### Data extract

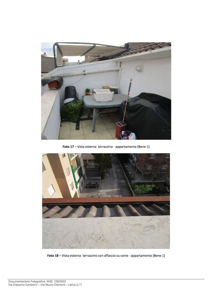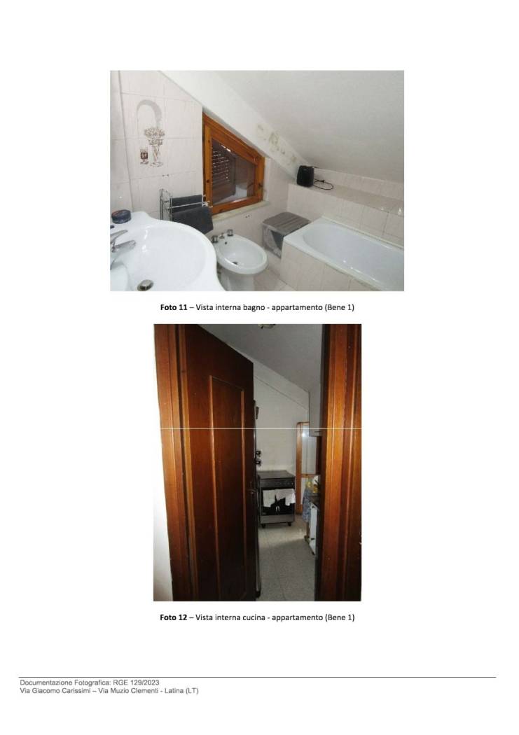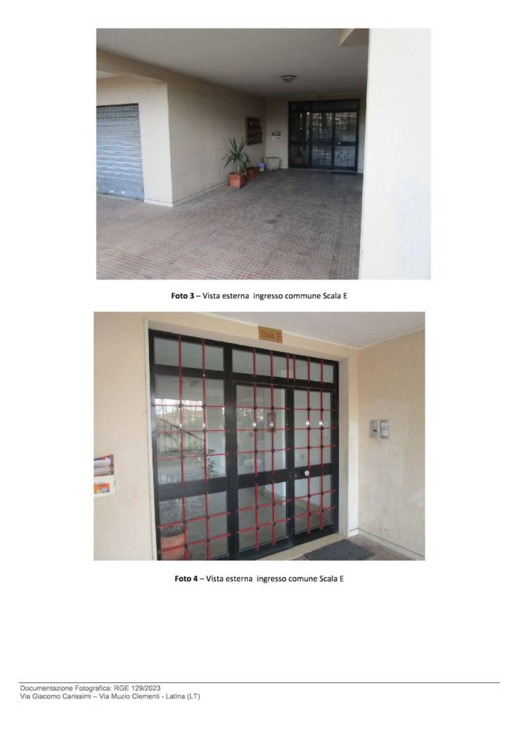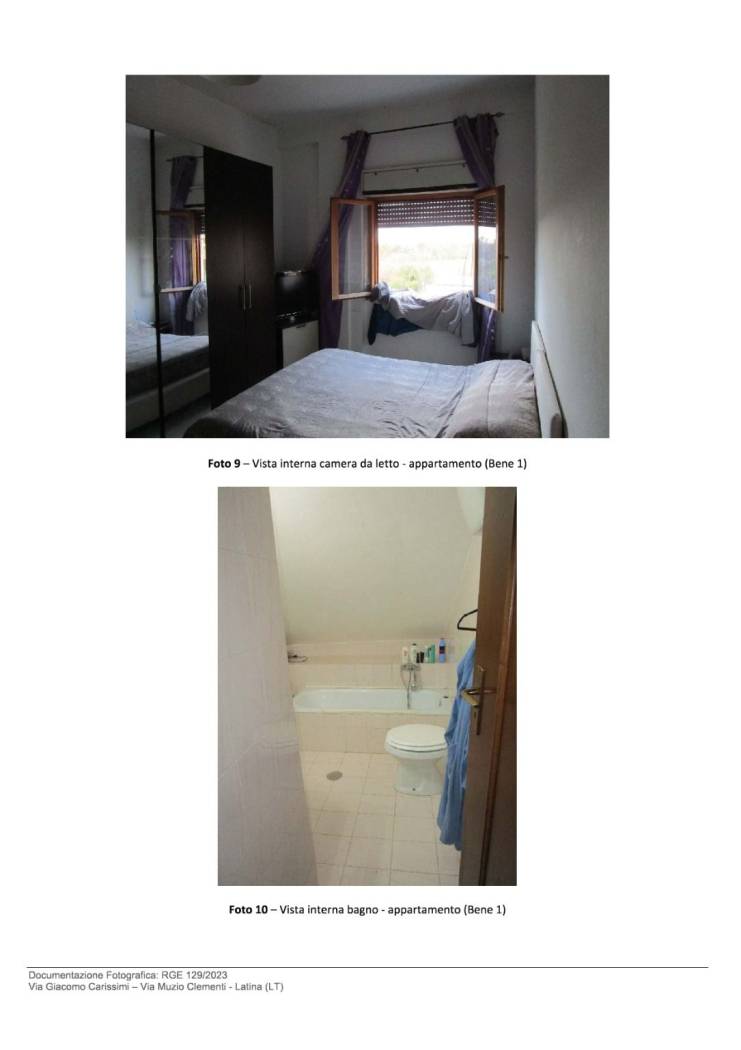 Bene N° 1 - Appartamento ubicato a Latina (LT) - Via Giacomo Carissimi, 25, scala E, interno 13, piano 4. L'unità immobiliare è inserita in un contesto residenziale all'interno di un edificio disposto su cinque livelli fuori terra e uno interrato. L'appartamento è posto al piano quarto, composto da ingresso, cucina-sala pranzo con affaccio su terrazzino, disimpegno, bagno finestrato, una camera da letto con finestra, una camera pluriuso con porta finestra e un piccolo balcone.
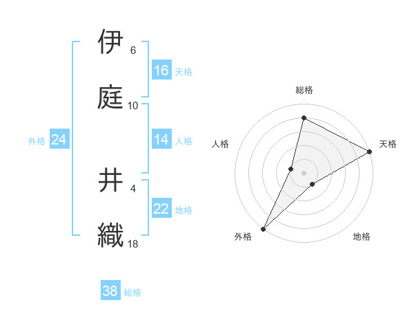 伊庭 井織さんの総格は38画の4点!
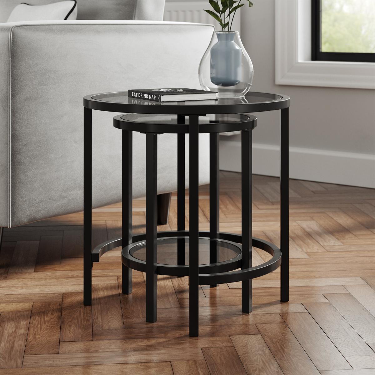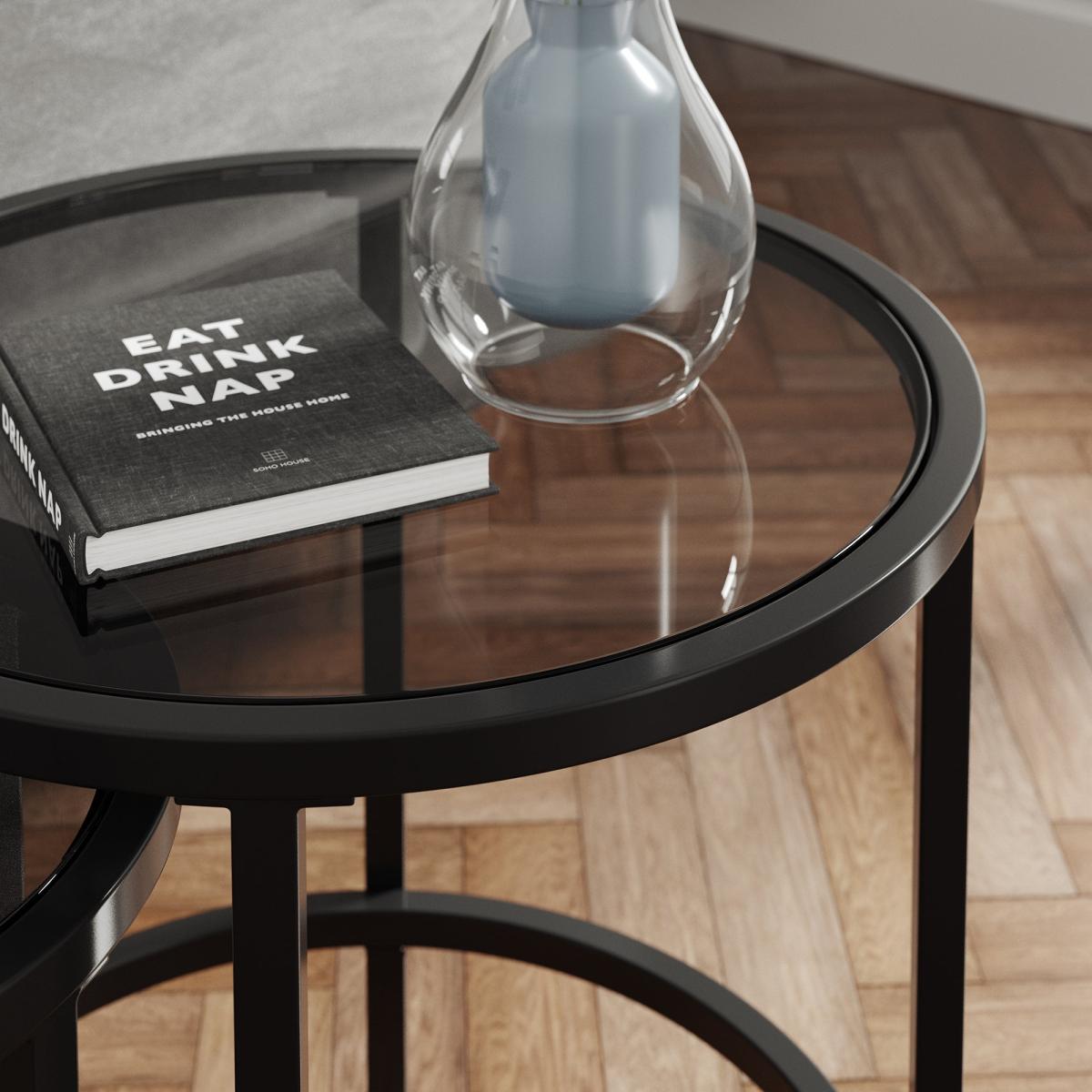 Return - Sofia Nest of Tables, Smoked Glass Black Black
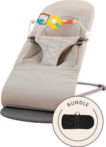 A bouncer, toy bar and transport bag make traveling a breeze with this all-in-one bundle. Baby-powered and battery-free, this ergonomically designed bouncer supports your baby s back, neck and head as it rocks gently to every kick and wiggle. A colorful toy bar in a pleasantly tactile, high-contrast design connects easily to the bouncer to keep your wee one occupied. Three adjustable positions take your little one from upright to reclined, and it folds flat for easy storage or travel. Once your child can sit without help, just flip the washable cover to convert the bouncer into a comfortable seat.

### Task objective
Pictures stay out. Write out everything else in the material exactly.

### Written answer
 Bene N° 1 - Appartamento ubicato a Latina (LT) - Via Giacomo Carissimi, 25, scala E, interno 13, piano 4. L'unità immobiliare è inserita in un contesto residenziale all'interno di un edificio disposto su cinque livelli fuori terra e uno interrato. L'appartamento è posto al piano quarto, composto da ingresso, cucina-sala pranzo con affaccio su terrazzino, disimpegno, bagno finestrato, una camera da letto con finestra, una camera pluriuso con porta finestra e un piccolo balcone.
 伊庭 井織さんの総格は38画の4点!
 Return - Sofia Nest of Tables, Smoked Glass Black Black
 A bouncer, toy bar and transport bag make traveling a breeze with this all-in-one bundle. Baby-powered and battery-free, this ergonomically designed bouncer supports your baby s back, neck and head as it rocks gently to every kick and wiggle. A colorful toy bar in a pleasantly tactile, high-contrast design connects easily to the bouncer to keep your wee one occupied. Three adjustable positions take your little one from upright to reclined, and it folds flat for easy storage or travel. Once your child can sit without help, just flip the washable cover to convert the bouncer into a comfortable seat.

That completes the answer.